Begin deze zomer kwam demissionair minister Harbers met zijn antwoorden op Kamervragen van de NSC naar aanleiding van het artikel in Link Magazine ‘Bijmengregels jagen kunststofindustrie naar buitenland’ . De kunststofverwerkers zijn er verre van content mee. ‘Hij simplificeert en gooit de markten van eenmalige verpakkingen en van technische gebruiksproducten op één hoop.’ Echt zorgen over de Nederlandse bijmengnorm – die strenger is en drie jaar eerder van kracht moet worden dan de Europese regelgeving – maken ze zich intussen niet meer: ‘In het Hoofdlijnenakkoord van het nieuwe kabinet staat immers duidelijk: geen nationale koppen op Europees beleid.’
– ‘Het benodigde volume chemisch geproduceerd recyclaat is bij lange na niet beschikbaar.’
– ‘De NCPN brengt, uitsluitend voor Nederlandse bedrijven, een hoop administratieve rompslomp met zich mee.’
– ‘Soms zijn de change-control-procedures dusdanig lang en complex dat de eindklant die lang niet altijd accepteert.’
– ‘Niet aansluiten bij de PPWR tast de concurrentiepositie van Nederlandse plasticverwerkers aan.’
Gerekend wordt op nieuwe kabinet dat ‘geen koppen wil op Europees beleid’
Uit de beantwoording begin juni van de vragen van NSC-Tweede Kamerleden Femke Zeedijk en Olger van Dijk door – inmiddels voormalig – minister van Infrastructuur en Waterstaat Mark Harbers blijkt dat hij zich vooral zorgen maakt over de recyclingindustrie en minder om de noden van de kunststofverwerkers, zo constateert Karin van Diest, manager strategie en ontwikkeling van de Groningse folieproducent Sylvaphane. Want Harbers stelt: ‘Op dit moment is er een overschot aan recyclaat dat Nederlandse plasticrecyclers niet kwijt kunnen omdat er geen vraag naar is. De kosten voor de Nederlandse recyclingindustrie zijn de afgelopen periode namelijk gestegen en de prijzen voor fossiel (virgin) plastics zijn gedaald. Afnemers van plasticproducten kiezen meestal voor de laagste prijs en vallen daardoor vaker terug op fossiel virgin plastic of import van recyclaat van buiten de EU. De markt voor recyclaat dient te worden versterkt en een plasticnorm (Nationale Circulaire Plastic Norm (NCPN), red.) draagt hieraan bij doordat er meer afzet zal worden gegenereerd voor de plasticrecyclingindustrie. Een goed functionerende markt voor recyclaat is belangrijk voor het behalen van onze nationale klimaat- en circulariteitsdoelen.’
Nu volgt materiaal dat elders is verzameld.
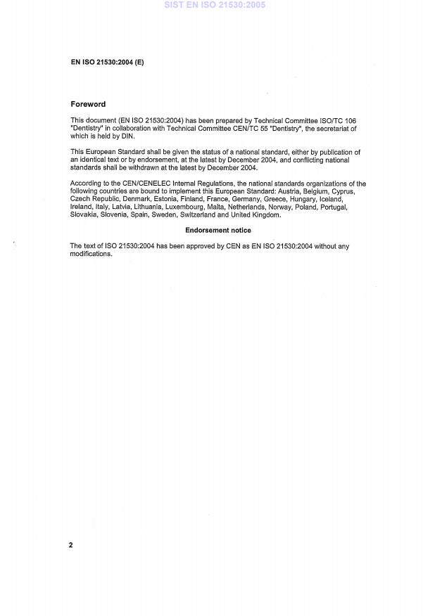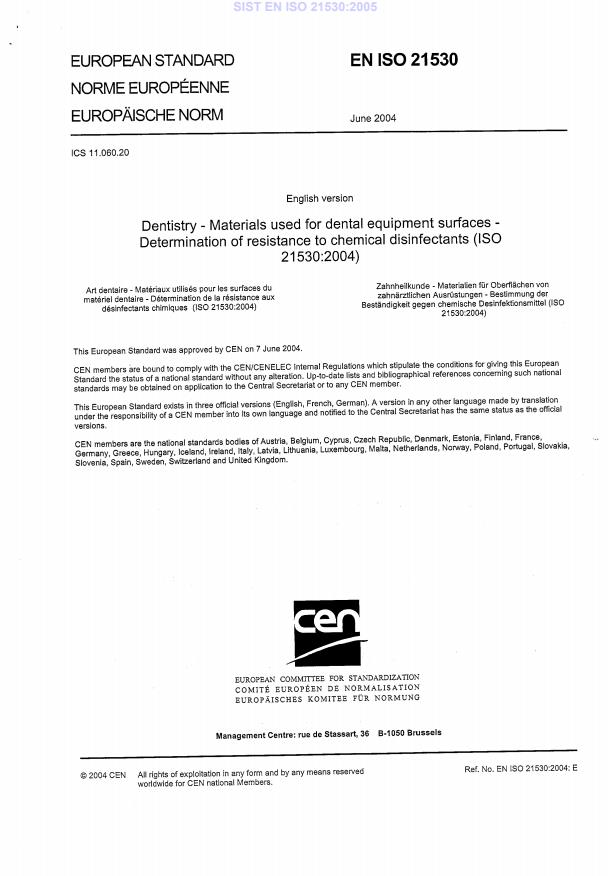 EN ISO 21530:2004 is a standard published by the European Committee for Standardization (CEN). Its full title is "Dentistry - Materials used for dental equipment surfaces - Determination of resistance to chemical disinfectants (ISO 21530:2004)". This standard covers: ISO 21530:2004 specifies test methods for determining the resistance to chemical disinfectants of all materials used for external surfaces of dental equipment intended for such disinfection. Three test methods are specified: an immersion test, a spray test and a contact test. The choice of test method to be used is left to the discretion of the party conducting the testing. ISO 21530:2004 does not address the bactericidal, virucidal and fungicidal effectivity of the disinfectants. ISO 21530:2004 does not provide for testing the possible detrimental effects of applied stress on the resistance of test materials to the test reagents.

Schaars of niet voedselveilig
Van Diest vindt dat de minister volkomen voorbijgaat aan het feit dat er verschillende typen recyclaat zijn en dat Nederland een open economie is. Het type recyclaat dat haar onderneming nodig heeft, moet voedselveilig zijn, maar is ‘nauwelijks voorhanden’ en ook nog eens ‘aanzienlijk duurder’ dan virgin materiaal, betoogt ze. ‘Wij maken voornamelijk dunne flexibele folies en verpakkingen voor het verpakken van voedsel en de wetgeving staat niet toe dat wij mechanisch geproduceerd recyclaat gebruiken. Want dat kan niet voedselveilig worden geproduceerd.’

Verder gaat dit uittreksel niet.